_GOAL OF THE EXERCISE_.
Only the lines from the one containing "Personalized with your" to the end of the data below belong in the answer, each repeated exactly; no pictures.

_SUPPLIED MATERIAL_.
◇ ◇ ◇ ◇ ◇ ◇ ◇

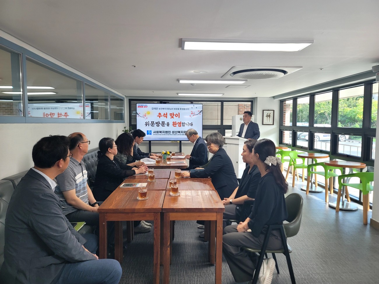 2025년 대구과역시 보건복지국 추석맞이 시설 위문 방문 최고관리자 0 482 2025.09.29 17:03 [2025년 대구광역시 보건복지부 추석맞이 시설 위문 방문] 2025년 9월 29일 월요일 오후 15시 대구시와 달서구청에서 다가오는 추석을 맞이하여 성로원 어르신들에게 명절 인사를 드리기 위해 바쁘신 와중에 시간을 내어 방문해 주셨습니다.특별히 오늘은 김태운 대구시청 보건복지국 국장님께서 자리를 빛내주셔서 더욱 뜻 깊은 날이었습니다.
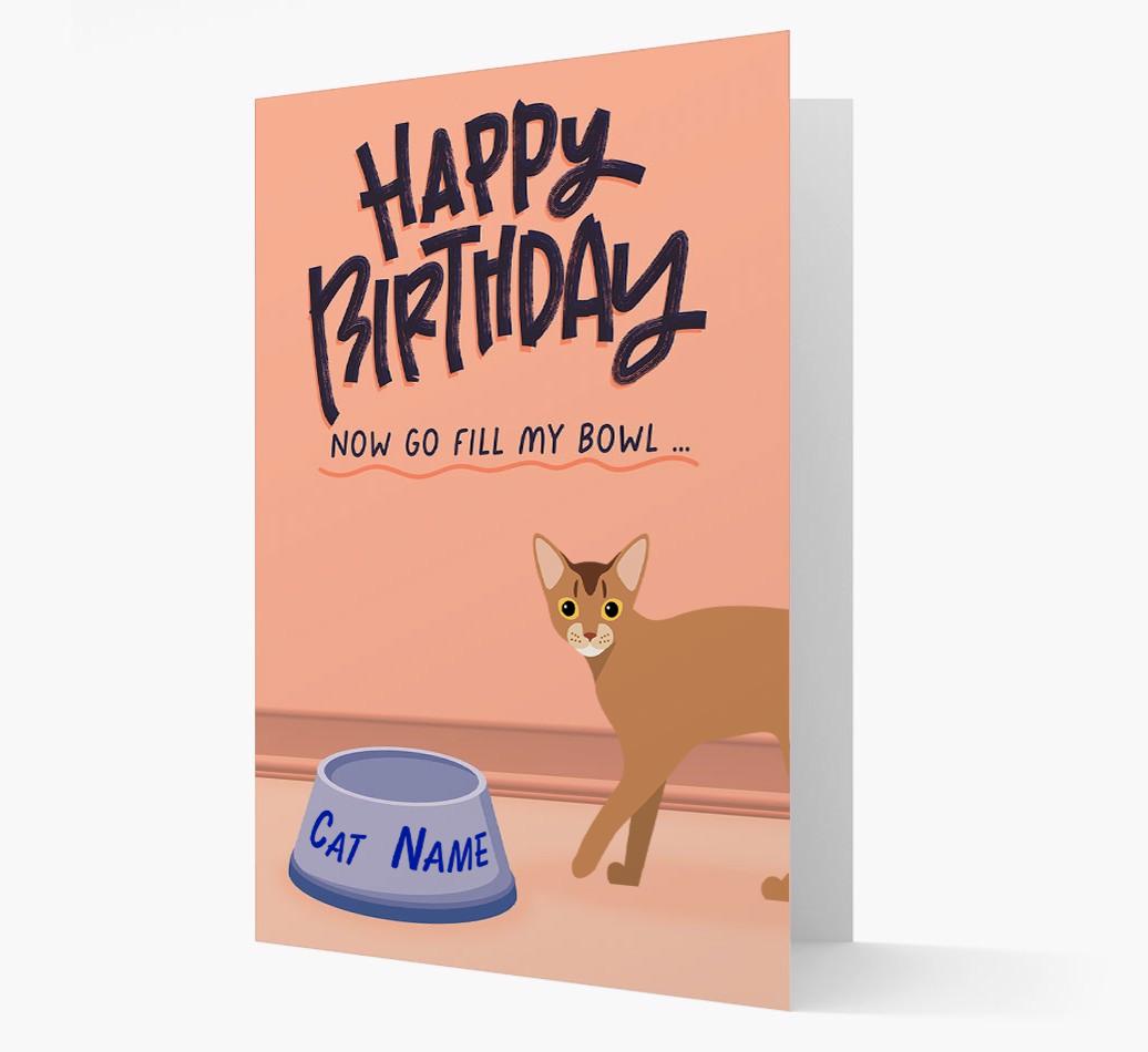 Personalized with your Abyssinian’s icon and name and available in four colors, this card is purrfect for Aby’s who love to wish you happy birthday but equally love their feline food!
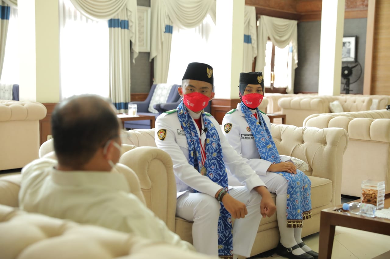 Diketahui, M. Agung mendapatkan tugas saat pengibaran bendera dan berada di tim 45 bayangan, sementara Via Tiara bertugas saat penurunan bendera pada pasukan 17. “Apa kisah menarik yang kalian dapatkan selama di sana?,” tanya gubernur kepada kedua Paskibraka itu.

◇ ◇ ◇ ◇ ◇ ◇ ◇

_EXPECTED ANSWER_.
 Personalized with your Abyssinian’s icon and name and available in four colors, this card is purrfect for Aby’s who love to wish you happy birthday but equally love their feline food!
 Diketahui, M. Agung mendapatkan tugas saat pengibaran bendera dan berada di tim 45 bayangan, sementara Via Tiara bertugas saat penurunan bendera pada pasukan 17. “Apa kisah menarik yang kalian dapatkan selama di sana?,” tanya gubernur kepada kedua Paskibraka itu.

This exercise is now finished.